American nonprofit organization

Children's Healthcare Is a Legal Duty (CHILD) was from 1983 to 2017 an American nonprofit membership organization that worked to stop child abuse and neglect based on religious beliefs, cultural traditions, and quackery. CHILD opposed religious exemptions from child health and safety laws. These exemptions have been used as a defense in criminal cases when parents have withheld lifesaving medical care on religious grounds. These exemptions also have discouraged reporting and investigation of religion-based medical neglect of children and spawned many outbreaks of vaccine-preventable diseases and deaths. CHILD publicized the ideological abuse and neglect of children, lobbied for equal protection laws for children, and filed lawsuits and amicus curiae briefs in related cases.

CHILD was founded in 1983 by Rita and Douglas Swan after the death of their son, Matthew. When Matthew developed a high fever in 1977, several Christian Science practitioners, who claimed they were healing Matthew, persuaded the Swans not to seek medical treatment for him. After he had been ill for 12 days, the Swans did take Matthew to the hospital, but his illness had progressed too far and he died of bacterial meningitis.

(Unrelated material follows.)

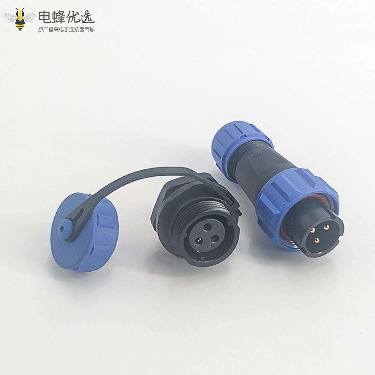 SP13系列,直式,公插头,母后螺母插座,焊接中心针,3芯;
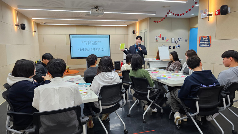 이날 행사에서는 꿈뜨락 운영단 소속 청소년 16명이 참여했으며, 아로마 테라피를 활용한 감정 표현 프로그램, 운영단 사업 소개, 그리고 리더십 및 회의법 교육 등 다양한 활동이 진행됐다.

According to the National Association of Counsel for Children, which gave an award to Rita Swan for her efforts, "Due in large part to CHILD's efforts, Colorado, Massachusetts, Maryland, South Dakota, Hawaii, and Oregon have removed laws which provided exemptions from prosecution to parents who fail to provide medical care for their sick children based on religion".

==History==
Rita and Douglas Swan founded CHILD as a tribute to their son, Matthew. In 1977 he became ill with bacterial meningitis. The Swans, Christian Scientists at the time, were persuaded by Christian Scientist practitioners – the religion's name for its spiritual healers – not to seek medical treatment for their son. When one of the practitioners said Matthew might have a broken bone, which Christian Scientists are allowed to go to a doctor for, the Swans took their baby to a hospital after he had been ill for 12 days, but his illness had progressed too far and he died. Motivated by this tragedy, CHILD worked to eliminate religious exemptions in child health and safety laws. Parents belonging to various religions, in particular Christian Science, have used these exemptions as legal defenses in criminal cases for failing to provide medical care for children who then died.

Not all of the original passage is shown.